#### TASK TO COMPLETE
Without the images, write out the entries word for word.
((
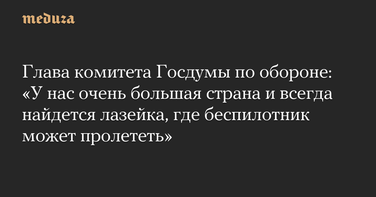 Глава комитета Госдумы по обороне: «У нас очень большая страна и всегда найдется лазейка, где беспилотник может пролететь»
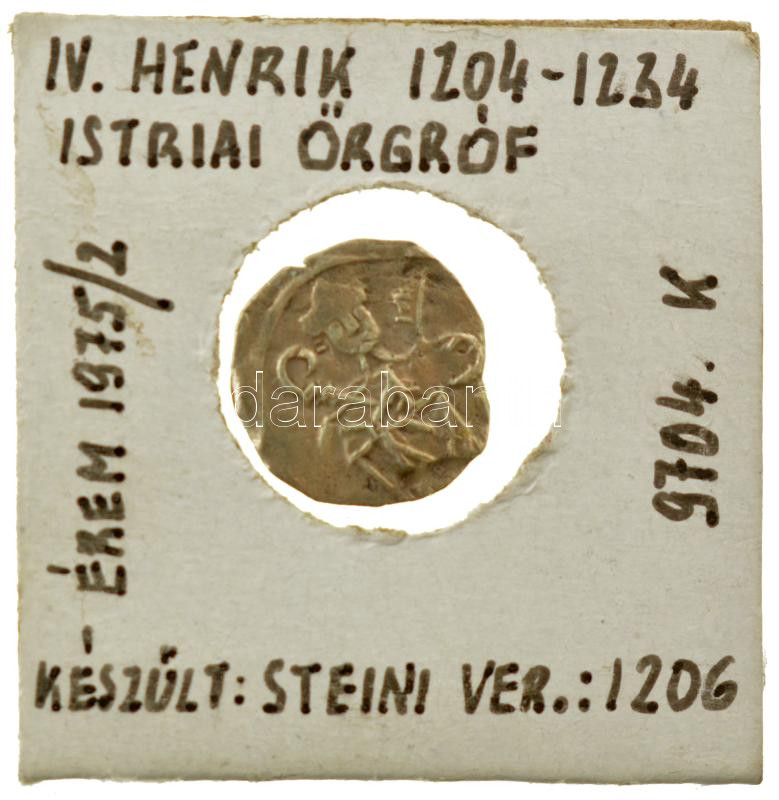 Osztrák Államok / Isztriai Őrgrófság ~1200-1220. Denar Ag "II. Henrik" (~0,40g) T:XF Austrian Sates / Margraviate of Istria ~1200-1220. Denar Ag "Henry II" (~0,40g) C:XF
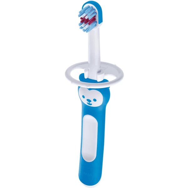 Eerste stap Training Brush: met de extra lange handgreep kunnen ouders en baby de tandenborstel samen vasthouden. Tweede stap First Brush: het kindje kan zelfstandig poetsen.
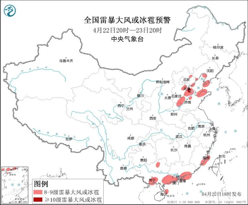 中央气象台22日18时继续发布强对流天气蓝色预警:预计22日20时至23日20时,辽宁南部、河北南部、天津南部、山东北部、河南东北部、福建东部、广西南部、广东南部及近海地区、海南岛东北部等地的部分地区将有8—10级雷暴大风或冰雹天气。
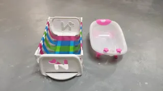 Bañera de juguete Nenuco con accesorios. - Estructura de plástico resistente. - Colores vibrantes: rosa, azul y naranja. - Incluye móvil de cuna y otros complementos.
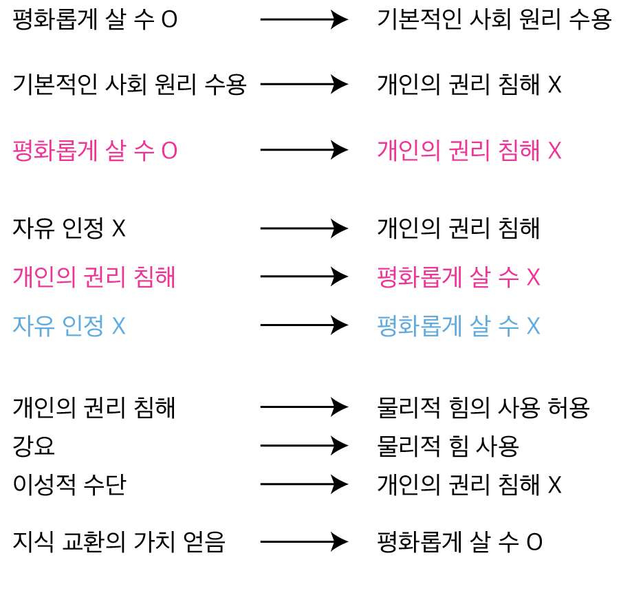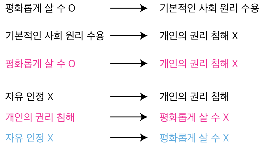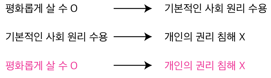 그리고 앞서 살펴본 명제(평화롭게 살 수 있다 -> 개인의 권리 침해 X)를 대우로 바꾸어 보면
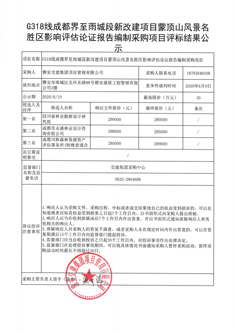 雅安交建集團項目管理有限公司G318線成都界至雨城段新改建項目蒙頂山風景名勝區(qū)影響評估論證報告編制采購項目評標結果公示
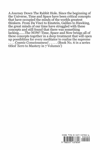 A Journey Down The Rabbit Hole. Since the beginning of the Universe, Time and Space have been critical concepts that have occupied the minds of the worlds greatest thinkers. From Da Vinci to Einstein, Galileo to Hawking, the great minds of our time have struggled with these concepts and still found that there was something lacking.......The NOW! Time, Space and Now brings all of these concepts together in a deep treatment that will open up possibilities for every meditator to realize the supreme . . . . Cosmic Consciousness! . . . . . (Book No. 6 in a series titled 'Zer0 to Mastery in 7 Volumes')
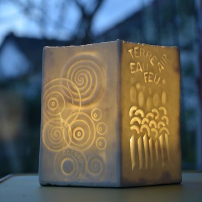 Un second essai (avec de la porcelaine papier toute prête), photophore cylindrique avec empreinte de petites japonaises (une ribambelle sur un même tampon en longueur). Pas mal, pas de surépaisseurs cette fois… Même pas de biscuitage, une seule cuisson à 1250°.
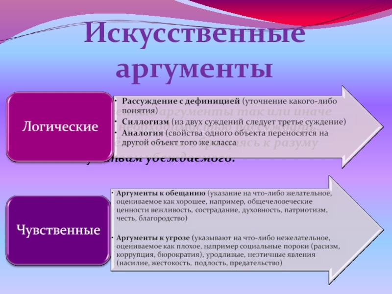 Искусственные аргументы так или иначе связаны с необходимостью рассуждать. Мы
))
#### EXPECTED ANSWER
 Глава комитета Госдумы по обороне: «У нас очень большая страна и всегда найдется лазейка, где беспилотник может пролететь»
 Osztrák Államok / Isztriai Őrgrófság ~1200-1220. Denar Ag "II. Henrik" (~0,40g) T:XF Austrian Sates / Margraviate of Istria ~1200-1220. Denar Ag "Henry II" (~0,40g) C:XF
 Eerste stap Training Brush: met de extra lange handgreep kunnen ouders en baby de tandenborstel samen vasthouden. Tweede stap First Brush: het kindje kan zelfstandig poetsen.
 中央气象台22日18时继续发布强对流天气蓝色预警:预计22日20时至23日20时,辽宁南部、河北南部、天津南部、山东北部、河南东北部、福建东部、广西南部、广东南部及近海地区、海南岛东北部等地的部分地区将有8—10级雷暴大风或冰雹天气。
 Bañera de juguete Nenuco con accesorios. - Estructura de plástico resistente. - Colores vibrantes: rosa, azul y naranja. - Incluye móvil de cuna y otros complementos.
 그리고 앞서 살펴본 명제(평화롭게 살 수 있다 -> 개인의 권리 침해 X)를 대우로 바꾸어 보면
 雅安交建集團項目管理有限公司G318線成都界至雨城段新改建項目蒙頂山風景名勝區(qū)影響評估論證報告編制采購項目評標結果公示
 A Journey Down The Rabbit Hole. Since the beginning of the Universe, Time and Space have been critical concepts that have occupied the minds of the worlds greatest thinkers. From Da Vinci to Einstein, Galileo to Hawking, the great minds of our time have struggled with these concepts and still found that there was something lacking.......The NOW! Time, Space and Now brings all of these concepts together in a deep treatment that will open up possibilities for every meditator to realize the supreme . . . . Cosmic Consciousness! . . . . . (Book No. 6 in a series titled 'Zer0 to Mastery in 7 Volumes')
 Un second essai (avec de la porcelaine papier toute prête), photophore cylindrique avec empreinte de petites japonaises (une ribambelle sur un même tampon en longueur). Pas mal, pas de surépaisseurs cette fois… Même pas de biscuitage, une seule cuisson à 1250°.
 Искусственные аргументы так или иначе связаны с необходимостью рассуждать. Мы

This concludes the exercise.